The determination whether an activity is engaged in for profit is to be made by reference to objective standards, taking into account all of the facts and circumstances of each case. Although a reasonable expectation of profit is not required, the facts and circumstances must indicate that the taxpayer entered into the activity, or continued the activity, with the objective of making a profit. * * * [Emphasis added.]

After a review of the objective factors discussed above, we are not convinced that petitioner engaged in his aircraft maintenance activity with the objective of making a profit.

E. Conclusion

After considering the factors listed in section 1.183-2(b), Income Tax Regs., and the facts and circumstances of this case, we conclude that petitioner has not established that he engaged in the aircraft maintenance activity with the primary or dominant objective of making a profit. Accordingly, we hold that petitioner's aircraft maintenance activity did not constitute a trade or business or profit-seeking activity in 2002 or 2003.

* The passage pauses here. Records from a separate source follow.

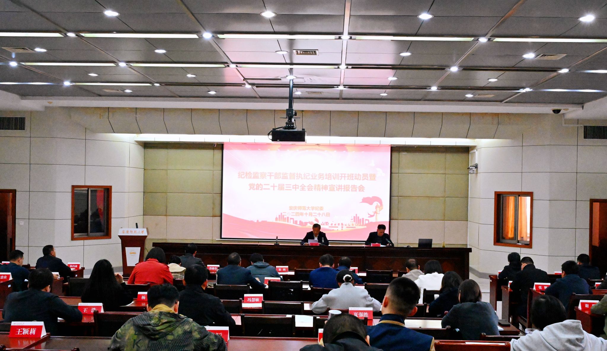 10月28日,学校纪检监察干部监督执纪业务培训班开班。校党委常委、纪委书记、监察专员秦朗作开班动员讲话并宣讲党的二十届三中全会精神。校纪委办公室主要负责人主持会议。
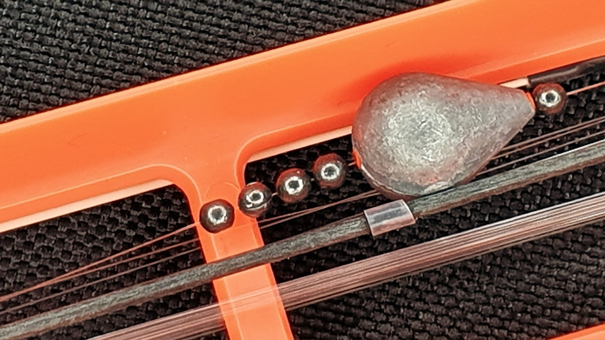 Obciążenie do bolonki nie powinno być skomplikowane, ale musi stopniować rybie opór przy braniu. Zablokowana śrucinami oliwka, a poniżej niej dwie śruciny, dość duże, numer 4, w odległości 22cm jedna od drugiej. Poniżej ostatniej śruciny krętlik, do którego przymocowany jest 20cm przypon i mały, ale dość mocny haczyk, Owner 50340 o rozmiarze 14 nadaje się idealnie.Po zarzuceniu, 5-10cm przyponu powinno spoczywać na dnie.
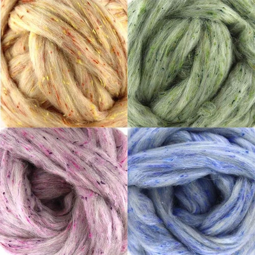 Vibrant blends of wool and viscose produce amazing tweed effects. Ideal for either spinning or felting applications. As a bonus, there are endless dyeing possibilities since only the wool will accept a dye, not the viscose.
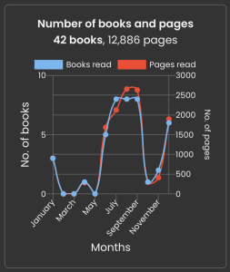 While I only read two more books than last year, they were apparently longer – I read 4,526 more pages than last year – and that feels like I achieved my overall goal.

F. Deductibility of the 2002 Schedule C2 and 2003 Schedule C Expenses

Because we have sustained respondent's determination that petitioner's aircraft maintenance activity was not a trade or business under section 162, we must decide what deductions, if any, he may claim under section 183(b). Section 183(b)(1) permits deductions which are otherwise allowable without regard to whether the activity is engaged in for profit, such as State and local taxes and casualty losses. Section 183(b)(2) allows deductions that would be allowable if the activity were engaged in for profit, but only to the extent of gross income received from the activity, reduced by deductions under section 183(b)(1).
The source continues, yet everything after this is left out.